On Thu, Nov 14, 2013 at 12:12 PM, Julian Sedding <jsedd...@gmail.com> wrote:

> > Rather I could imagine backing this into the ResourceResolver itself ...
>
> I think we should avoid going down this route. The ResourceResolver is
> a core feature of Sling, while feature-flags is (should be) an
> optional feature.
>
> Baking feature-flags into the RR would violate modularity IMO.
>
> One way to achieve the same integration without baking that
> functionality into the RR would be to create an extension hook that
> allows decorating the RR. Then the FF bundle could provide such a
> decorator and filter resources according to its needs.
>
> Regards
> Julian
>
>
> On Thu, Nov 14, 2013 at 1:30 AM, Felix Meschberger <fmesc...@adobe.com>
> wrote:
> > Hi
> >
> > I agree that it would be cool to also select resources based on
> features.
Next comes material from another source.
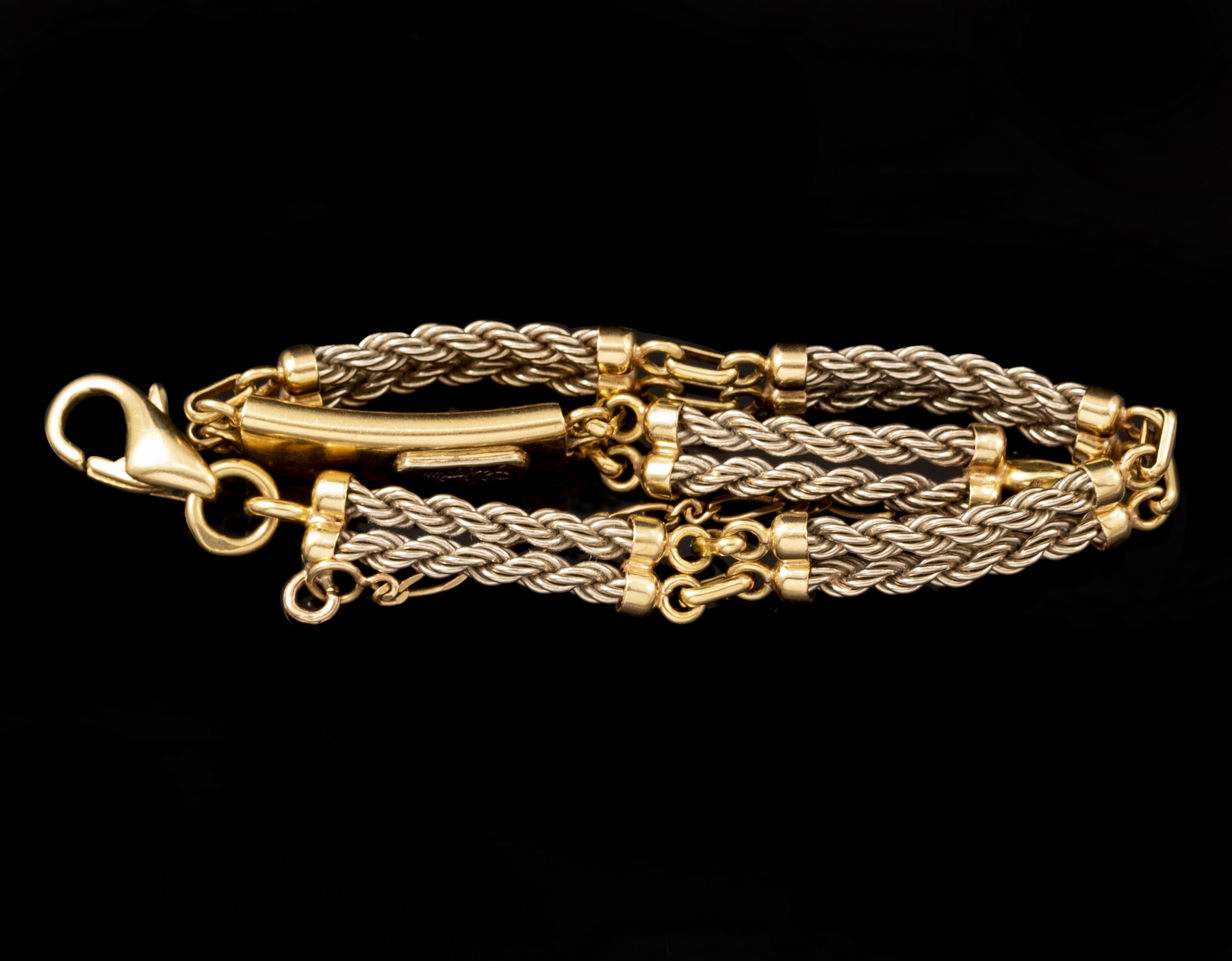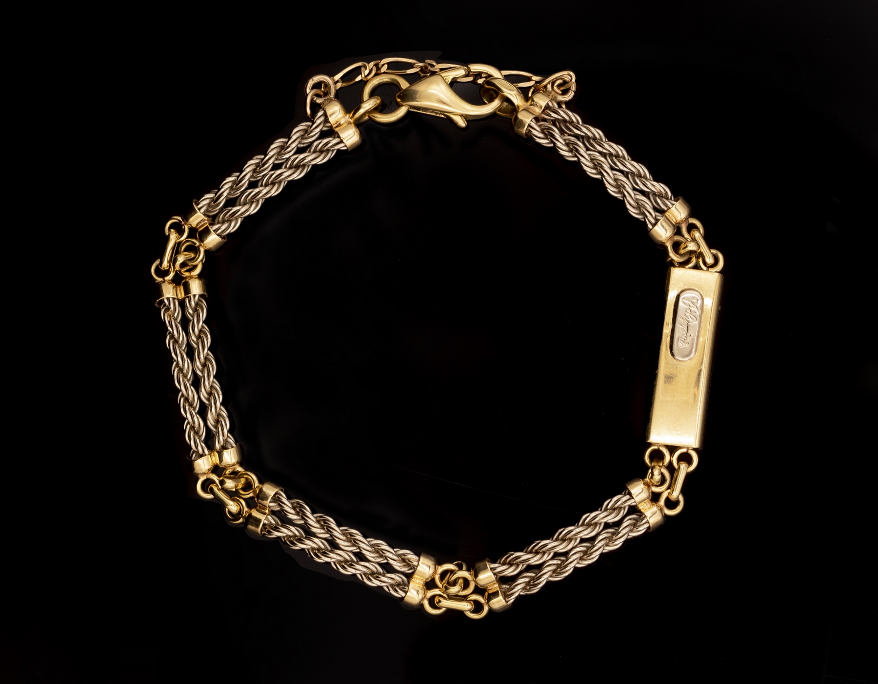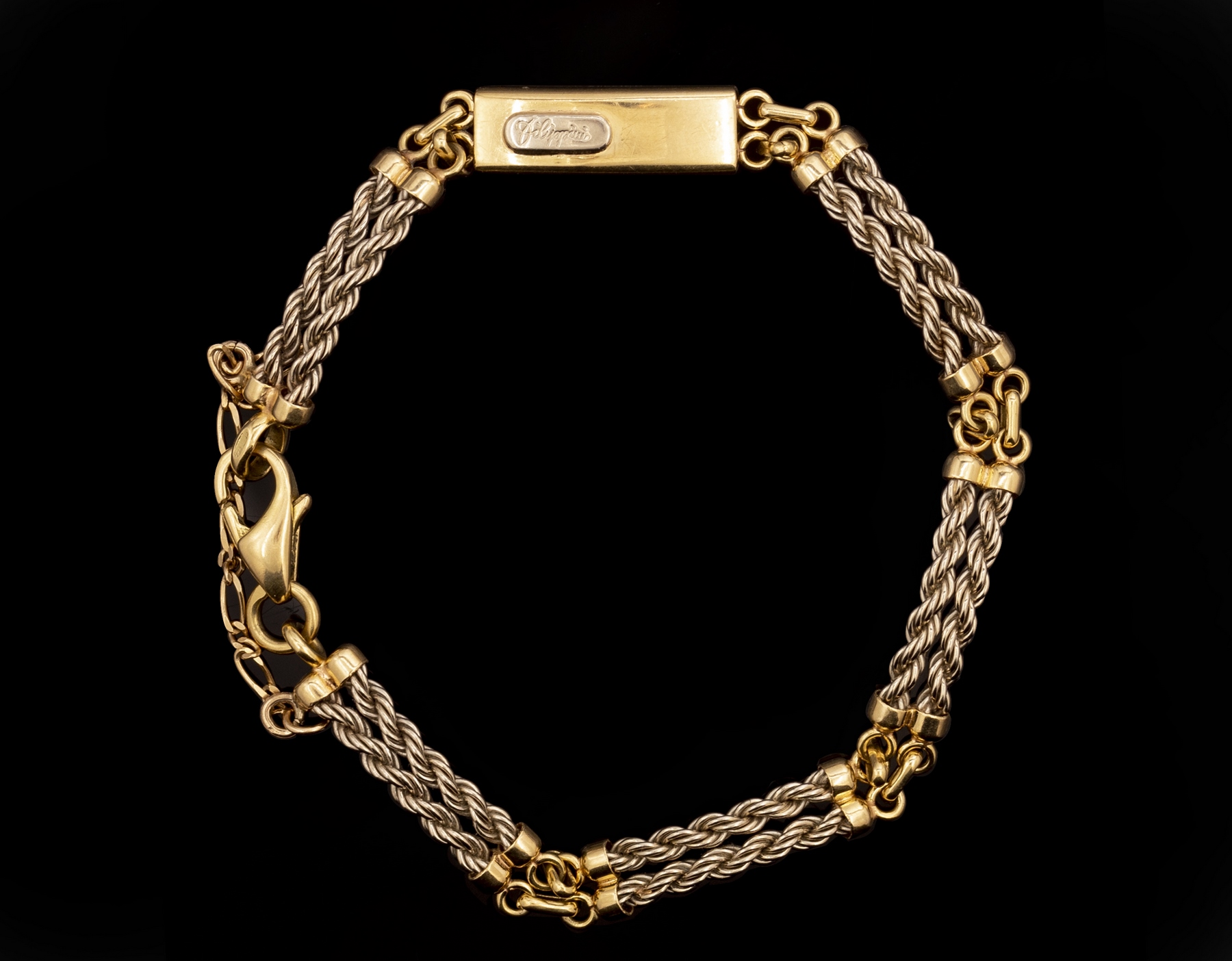 צמיד זהב 18K בשני גוונים, תוצרת Filippini Fratelli. אורך: 18 ס”מ. משקל: 15.4 גרם. חתום.

But I think the access gate is the wrong mechanism: Access
> Control and Feature Selection are different beasts and should not be mixed.
> >
> > Rather I could imagine backing this into the ResourceResolver itself:
> before returning a Resource it is checked for a feature flag property
>  (e.g. sling:feature ?) and this being checked against the Feature service.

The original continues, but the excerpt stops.